## WORK REQUIRED:
Copy the material below verbatim from the line with "- Lubricate the" to the line with "Shopping malls can", both lines included, omitting pictures and every line outside that range.

----- SUPPLIED DATA

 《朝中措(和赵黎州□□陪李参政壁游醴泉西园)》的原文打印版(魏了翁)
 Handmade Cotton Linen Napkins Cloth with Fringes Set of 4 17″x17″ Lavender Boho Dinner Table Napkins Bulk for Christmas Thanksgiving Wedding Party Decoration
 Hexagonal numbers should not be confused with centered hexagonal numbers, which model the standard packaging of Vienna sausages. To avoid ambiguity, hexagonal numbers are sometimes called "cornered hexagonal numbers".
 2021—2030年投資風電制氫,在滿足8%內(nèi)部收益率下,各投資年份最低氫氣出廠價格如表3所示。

----------
----- SUPPLIED DATA

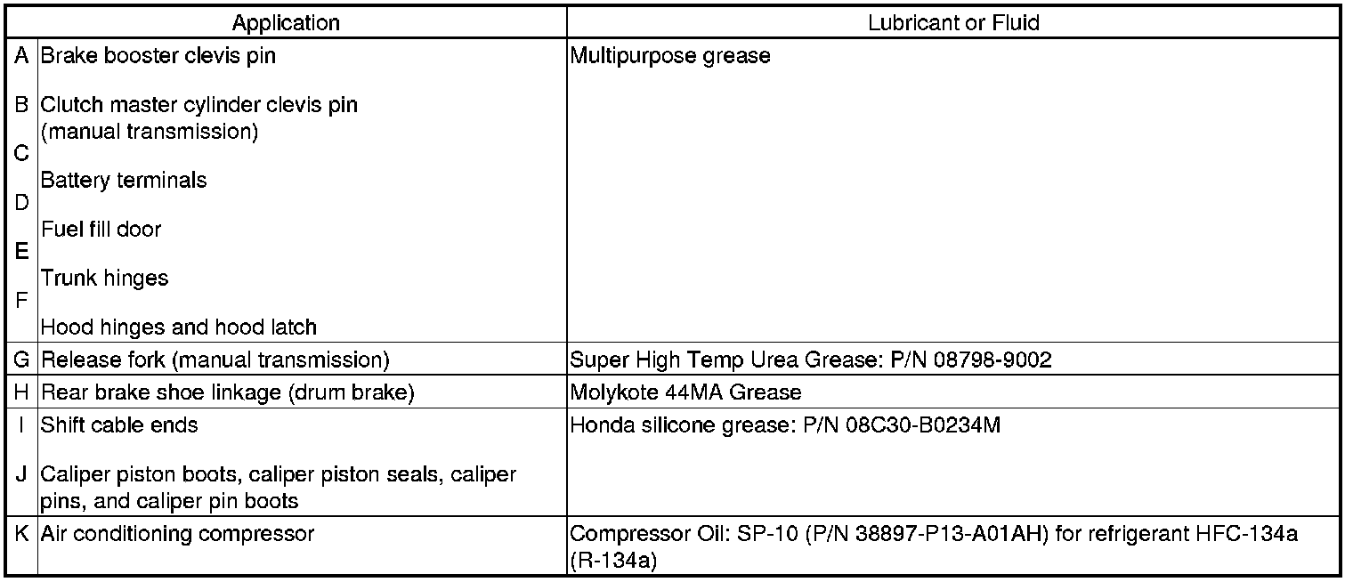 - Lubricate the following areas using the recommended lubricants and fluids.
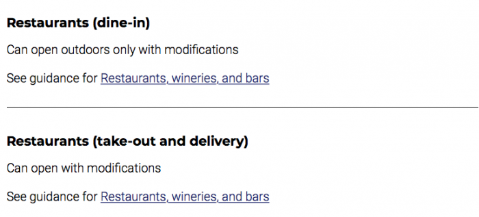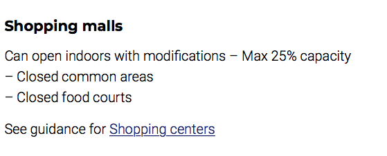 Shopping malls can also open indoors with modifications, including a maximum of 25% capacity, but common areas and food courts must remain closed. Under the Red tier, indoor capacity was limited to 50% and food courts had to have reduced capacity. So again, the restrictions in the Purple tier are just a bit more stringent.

----------

## ANSWER SPACE:
 - Lubricate the following areas using the recommended lubricants and fluids.
 Shopping malls can also open indoors with modifications, including a maximum of 25% capacity, but common areas and food courts must remain closed. Under the Red tier, indoor capacity was limited to 50% and food courts had to have reduced capacity. So again, the restrictions in the Purple tier are just a bit more stringent.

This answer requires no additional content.